A Large Scale Benchmark for Individual Treatment Effect Prediction and Uplift Modeling

Eustache Diemert,Artem Betlei,Christophe Renaudin,Massih-Reza Amini,Théophane Gregoir,Thibaud Rahier
DOI: https://doi.org/10.48550/arXiv.2111.10106
2021-11-19
Abstract:Individual Treatment Effect (ITE) prediction is an important area of research in machine learning which aims at explaining and estimating the causal impact of an action at the granular level. It represents a problem of growing interest in multiple sectors of application such as healthcare, online advertising or socioeconomics. To foster research on this topic we release a publicly available collection of 13.9 million samples collected from several randomized control trials, scaling up previously available datasets by a healthy 210x factor. We provide details on the data collection and perform sanity checks to validate the use of this data for causal inference tasks. First, we formalize the task of uplift modeling (UM) that can be performed with this data, along with the relevant evaluation metrics. Then, we propose synthetic response surfaces and heterogeneous treatment assignment providing a general set-up for ITE prediction. Finally, we report experiments to validate key characteristics of the dataset leveraging its size to evaluate and compare - with high statistical significance - a selection of baseline UM and ITE prediction methods.
Machine Learning,Artificial Intelligence,Applications
What problem does this paper attempt to address?
The main problem that this paper attempts to solve is to provide a large - scale, high - quality data set for Individual Treatment Effect (ITE) prediction and Uplift Modeling (UM). Specifically, the paper introduces a data set of 13.9 million samples collected by the online advertising company Criteo. These data are from multiple randomized controlled trials and are 210 times larger than the existing data sets. The paper uses this data set to promote research in the fields of ITE prediction and UM, provides details of data collection, and conducts verification checks to ensure that the data is suitable for causal inference tasks. ### Main Contributions 1. **Large - scale Real - world Data Set**: This data set provides a two - order - of - magnitude increase for UM. Compared with the existing benchmark data sets, it also presents a more complex setting in terms of covariate dimensions.

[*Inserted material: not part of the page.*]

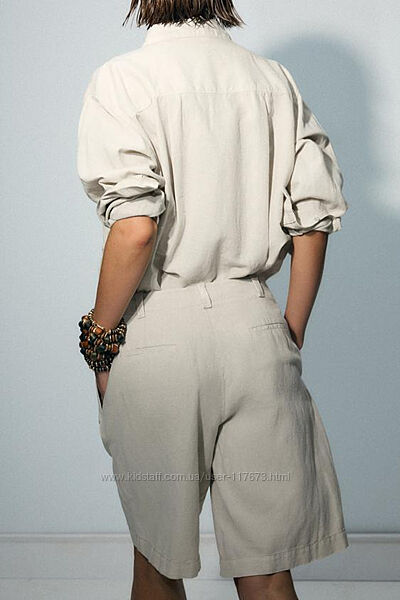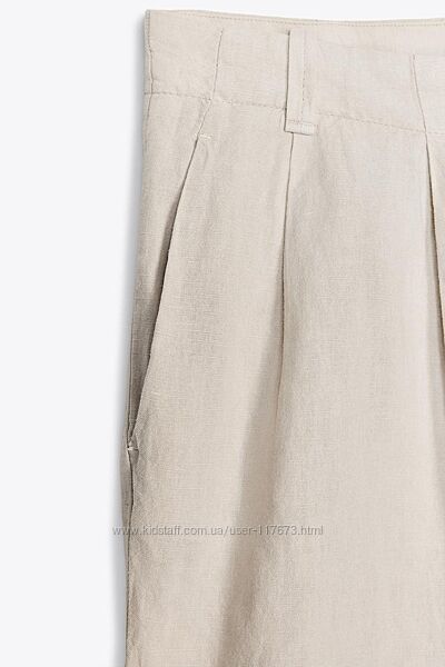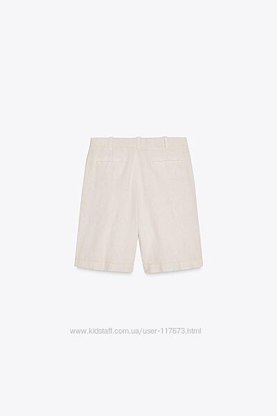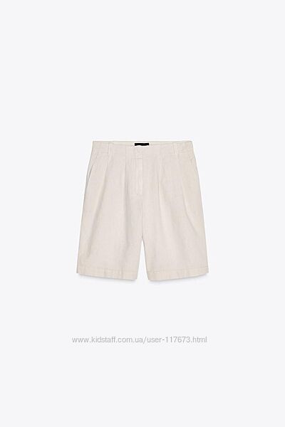 ZARA ШОРТЫ ИЗ СМЕСОВОГО ЛЬНА С ЗАЩИПАМИ — ZW COLLECTION, ЭКРЮ

Some features have thousands of possible values, which better represents the problems in modern Web applications. 2. **Realistic ITE Prediction Benchmark**: For ITE prediction, this data set provides a four - order - of - magnitude increase and proposes additional response surfaces that conform to the actual data patterns, enriching the diversity of the existing benchmarks. ### Data Set Characteristics - **Sample Size**: It contains 13.9 million samples. - **Feature Types**: It includes continuous features, binary features, and multi - modal features. - **Treatment Imbalance**: Only a small portion of users are assigned to the control group, and the overall positive outcome rate is low. - **Anonymization**: Feature values are hashed to protect user privacy and company assets. ### Experimental Verification The paper also reports a series of experiments to verify the key characteristics of the data set, including: - **Treatment Independence**: The independence between treatment variables and feature variables is verified through the Classifier Two - Sample Test (C2ST). - **Feature Informativeness**: The effectiveness of the recorded features for predicting results is verified by training classifiers to predict the results of visits and conversions. ### Conclusion The release of this data set aims to promote research in the field of causal inference, especially ITE prediction and UM. By providing a large - scale, high - quality data set, researchers can better evaluate and compare different methods, thus promoting the further development of this field.